Give back every entry exactly as it is written, but not the pictures.
==*==
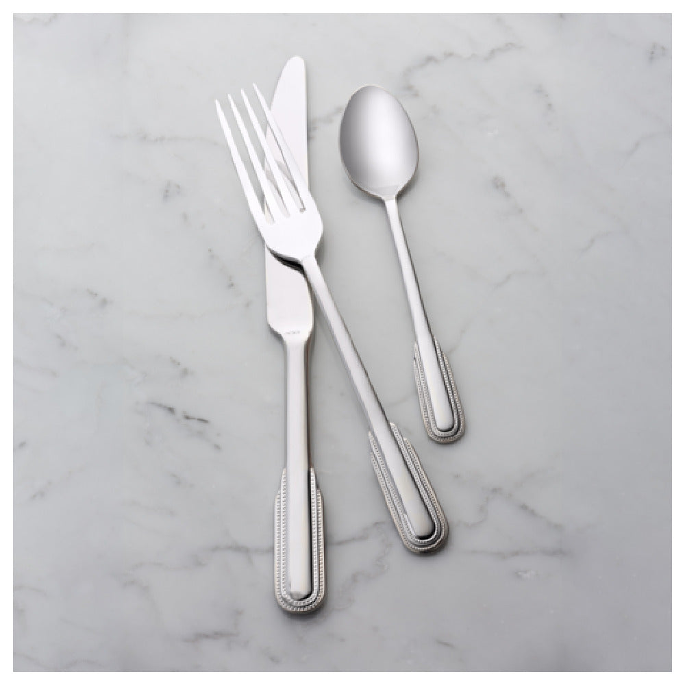 The Bon Chef S2408 Empire Oyster/Cocktail Fork 5.64" 18-10 Stainless Steel is a meticulously crafted utensil designed for culinary excellence. This fork, measuring precisely 5.64 inches, is ideal for a variety of dining settings, from seafood-focused establishments to elegant cocktail parties. The product is constructed from 18-10 stainless steel, indicating a superior composition of 18% chromium and 10% nickel, which provides exceptional durability and resistance to corrosion, ensuring longevity even with frequent use. This enhances its appeal in both high-end restaurants and casual dining atmospheres where quality and resilience are paramount. The thoughtfully designed sleek and modern aesthetic of the Empire Oyster/Cocktail Fork caters to the sophisticated tastes of Michelin-star chefs and discerning hosts alike, making it a versatile addition to any flatware collection. Its ergonomic design makes it comfortable to handle, offering an effortless dining experience whether it is used for enjoying oysters, hors d'oeuvres, or other delicate dishes. Suitable for a broad range of culinary environments, this fork exemplifies the perfect blend of functional precision and timeless elegance, aligning with Bon Chef’s reputation for high-quality kitchenware that meets the diverse needs of the food service industry.
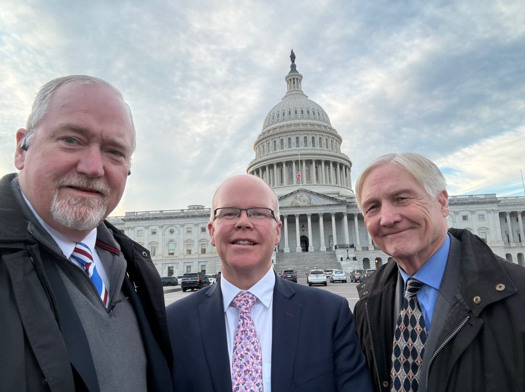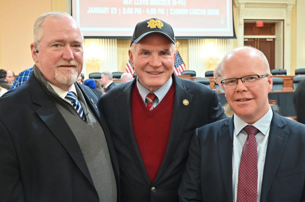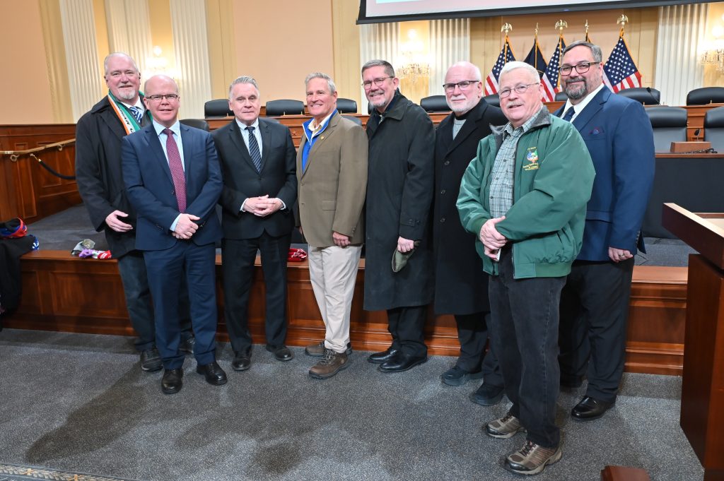 After Mass, Hibernians congregated at the corner of 7th Street NW and Constitution Avenue awaiting step off for the March scheduled for 1:00 PM. It was actually a few minutes after 2:00 PM when the first contingent marched through the intersection and the Hibernians fell in behind them for the March. Upon reaching the Cannon House Office Building, members of the National Board, along with Bishop Keener and Peadar Tóibín, peeled off to attend a Pro Life reception hosted by U.S. Representatives Mike Kelly of Pennsylvania and Chris Smith of New Jersey. Attendees enjoyed an assortment of snacks and refreshments before the formal presentation by the Representatives. Bishop Keener was called upon for a Benediction and Blessing, and Peadar Tóibín was personally introduced to the Representatives. Peadar was very pleased to meet Representative Kelly, who serves as the Congressional Friends of Ireland Caucus Co-Chair. After the reception, Hibernians circled up at the Dubliner for refreshments and camaraderie after a very busy and productive day.
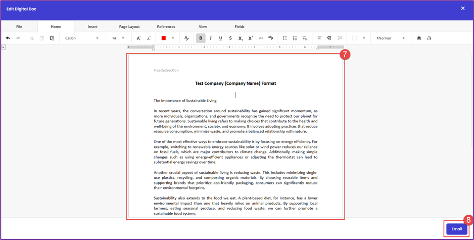 7. The Digital Document Editor will show up. Apply your changes here. Changes made here will not apply to the original template.
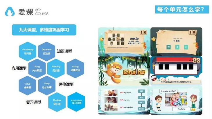 而爱课六级少儿英语,设计了更为系统严密的英语成长体系,从听说基础、语法句型、阅读写作、场景应用等多维度进行教学,难度是螺旋式上升的,全面培养提高孩子的英语综合能力和实际运用的能力。
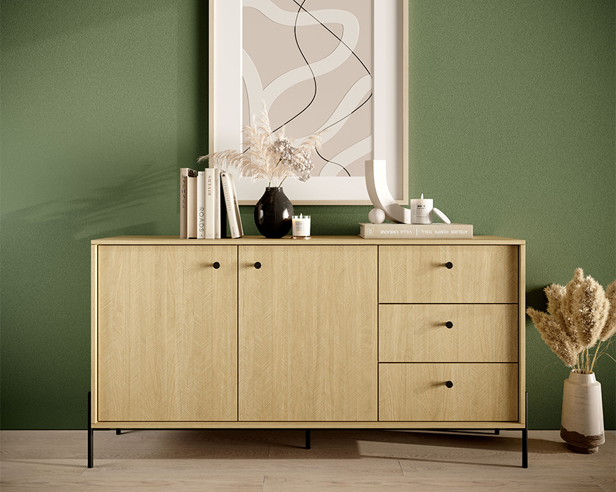 Le buffet bas NAVDI reflète la fonctionnalité du style Japandi. Les deux portes et trois tiroirs offrent un rangement bien pensé, tout en maintenant une apparence épurée. La finition mélaminée aspect bois clair ajoute une note naturelle, tandis que les détails métalliques noirs confèrent une touche contemporaine.
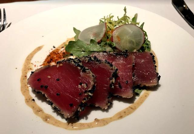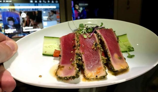 Cathay Pacific's The Pier first class lounge in Hong Kong has a fantastic restaurant with waiter service. This is a double order of the ahi tuna starter. Photo: Chris McGinnis
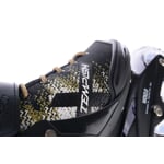 Brusli uzavřete pomocí klasických tkaniček, nárt fixuje pásek na suchý zip, a horní část skeletu zpevňuje stahovací pásek s přezkou – kombinace, která zajistí bezpečné a komfortní obepnutí nohy.
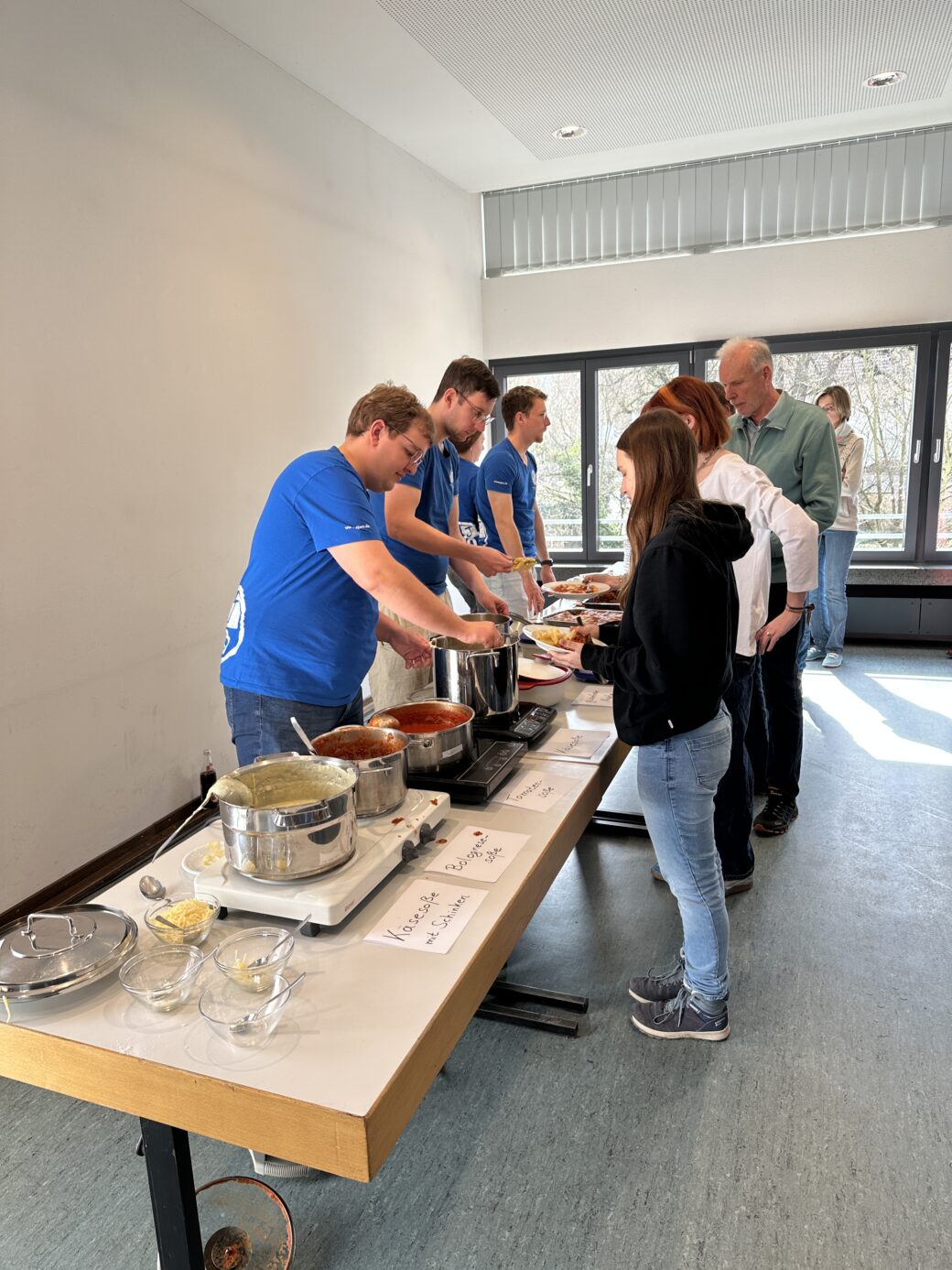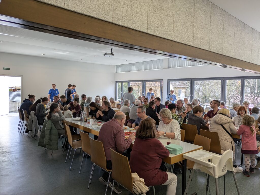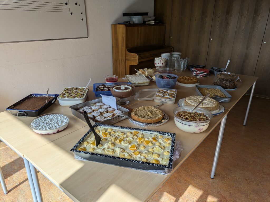 Dieses Jahr am Wahlsonntag und dem internationalen Frauentag, erwartete das Pastafest wie gewohnt mit vielen leckeren Pastasaucen und -sorten, Lasagnen für jeden Geschmack und einem mediterranen Vorspeisenbuffet seiner hoffentlichen hungrigen Gäste. Diese kamen nach dem Familiengottesdienst in der Bartholomäuskirche zahlreich, sodass das Gemeindehaus gegen 12 Uhr gut besucht war – dank des milden Wetter konnte man sein Pastagerichte auch draußen genießen, sodass es genug Plätze für alle gab. Gegen später wurde dann endlich auch das Kuchen- und Dessertbuffet eröffnet, worauf sich viele Gäste immer besondern freuen. Vielen Dank den zahlreichen Helfern und Helferinnen, die Soßen, Lasagnen und Nudeln gekocht, Salate und Nachtische gemacht, aufgebaut, Essen ausgegeben, kleine Gäste bespaßt, gespült und abgebaut haben!
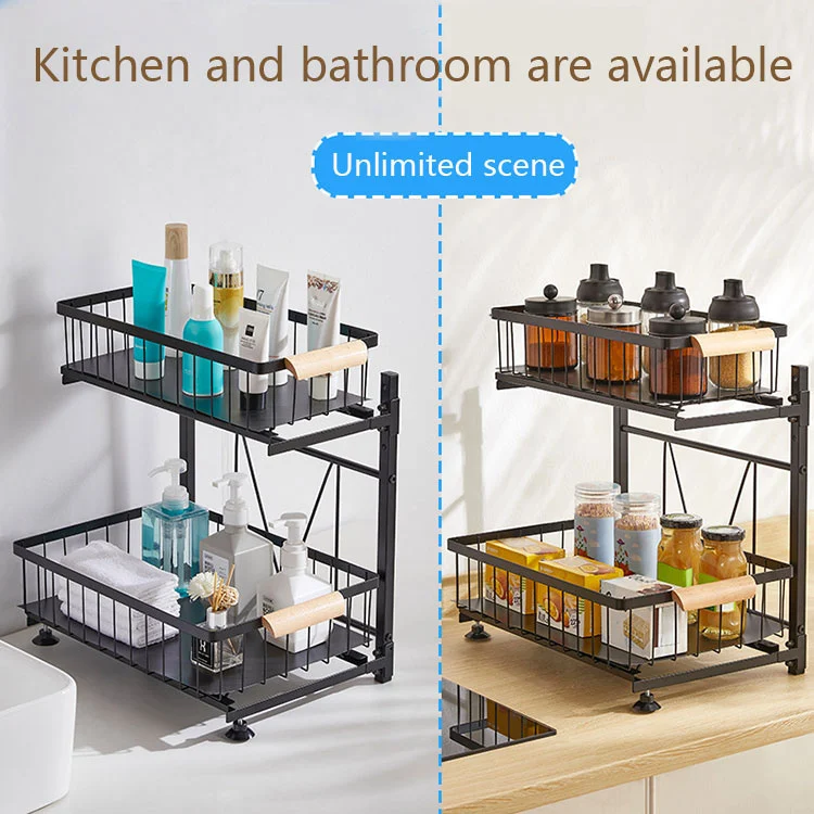 2. Menambah aksesori untuk meningkatkan tekstur: Pereka bentuk kami telah menambah pemegang kayu sebagai aksesori untuk menjadikan keseluruhan produk lebih menarik. Apabila ditarik, ia mempunyai rasa yang menyenangkan, dan kertas pelapik tambahan ditambah ke bahagian bawah bakul untuk mengelakkan barang-barang kecil daripada tergelincir. Ketinggian tapak kaki juga boleh dilaraskan. Jika digunakan di dalam bilik mandi, tidak perlu risau tentang barang yang diletakkan bersentuhan dengan air di atas meja.
==*==
## [Written answer]
 The Bon Chef S2408 Empire Oyster/Cocktail Fork 5.64" 18-10 Stainless Steel is a meticulously crafted utensil designed for culinary excellence. This fork, measuring precisely 5.64 inches, is ideal for a variety of dining settings, from seafood-focused establishments to elegant cocktail parties. The product is constructed from 18-10 stainless steel, indicating a superior composition of 18% chromium and 10% nickel, which provides exceptional durability and resistance to corrosion, ensuring longevity even with frequent use. This enhances its appeal in both high-end restaurants and casual dining atmospheres where quality and resilience are paramount. The thoughtfully designed sleek and modern aesthetic of the Empire Oyster/Cocktail Fork caters to the sophisticated tastes of Michelin-star chefs and discerning hosts alike, making it a versatile addition to any flatware collection. Its ergonomic design makes it comfortable to handle, offering an effortless dining experience whether it is used for enjoying oysters, hors d'oeuvres, or other delicate dishes. Suitable for a broad range of culinary environments, this fork exemplifies the perfect blend of functional precision and timeless elegance, aligning with Bon Chef’s reputation for high-quality kitchenware that meets the diverse needs of the food service industry.
 After Mass, Hibernians congregated at the corner of 7th Street NW and Constitution Avenue awaiting step off for the March scheduled for 1:00 PM. It was actually a few minutes after 2:00 PM when the first contingent marched through the intersection and the Hibernians fell in behind them for the March. Upon reaching the Cannon House Office Building, members of the National Board, along with Bishop Keener and Peadar Tóibín, peeled off to attend a Pro Life reception hosted by U.S. Representatives Mike Kelly of Pennsylvania and Chris Smith of New Jersey. Attendees enjoyed an assortment of snacks and refreshments before the formal presentation by the Representatives. Bishop Keener was called upon for a Benediction and Blessing, and Peadar Tóibín was personally introduced to the Representatives. Peadar was very pleased to meet Representative Kelly, who serves as the Congressional Friends of Ireland Caucus Co-Chair. After the reception, Hibernians circled up at the Dubliner for refreshments and camaraderie after a very busy and productive day.
 7. The Digital Document Editor will show up. Apply your changes here. Changes made here will not apply to the original template.
 而爱课六级少儿英语,设计了更为系统严密的英语成长体系,从听说基础、语法句型、阅读写作、场景应用等多维度进行教学,难度是螺旋式上升的,全面培养提高孩子的英语综合能力和实际运用的能力。
 Le buffet bas NAVDI reflète la fonctionnalité du style Japandi. Les deux portes et trois tiroirs offrent un rangement bien pensé, tout en maintenant une apparence épurée. La finition mélaminée aspect bois clair ajoute une note naturelle, tandis que les détails métalliques noirs confèrent une touche contemporaine.
 Cathay Pacific's The Pier first class lounge in Hong Kong has a fantastic restaurant with waiter service. This is a double order of the ahi tuna starter. Photo: Chris McGinnis
 Brusli uzavřete pomocí klasických tkaniček, nárt fixuje pásek na suchý zip, a horní část skeletu zpevňuje stahovací pásek s přezkou – kombinace, která zajistí bezpečné a komfortní obepnutí nohy.
 Dieses Jahr am Wahlsonntag und dem internationalen Frauentag, erwartete das Pastafest wie gewohnt mit vielen leckeren Pastasaucen und -sorten, Lasagnen für jeden Geschmack und einem mediterranen Vorspeisenbuffet seiner hoffentlichen hungrigen Gäste. Diese kamen nach dem Familiengottesdienst in der Bartholomäuskirche zahlreich, sodass das Gemeindehaus gegen 12 Uhr gut besucht war – dank des milden Wetter konnte man sein Pastagerichte auch draußen genießen, sodass es genug Plätze für alle gab. Gegen später wurde dann endlich auch das Kuchen- und Dessertbuffet eröffnet, worauf sich viele Gäste immer besondern freuen. Vielen Dank den zahlreichen Helfern und Helferinnen, die Soßen, Lasagnen und Nudeln gekocht, Salate und Nachtische gemacht, aufgebaut, Essen ausgegeben, kleine Gäste bespaßt, gespült und abgebaut haben!
 2. Menambah aksesori untuk meningkatkan tekstur: Pereka bentuk kami telah menambah pemegang kayu sebagai aksesori untuk menjadikan keseluruhan produk lebih menarik. Apabila ditarik, ia mempunyai rasa yang menyenangkan, dan kertas pelapik tambahan ditambah ke bahagian bawah bakul untuk mengelakkan barang-barang kecil daripada tergelincir. Ketinggian tapak kaki juga boleh dilaraskan. Jika digunakan di dalam bilik mandi, tidak perlu risau tentang barang yang diletakkan bersentuhan dengan air di atas meja.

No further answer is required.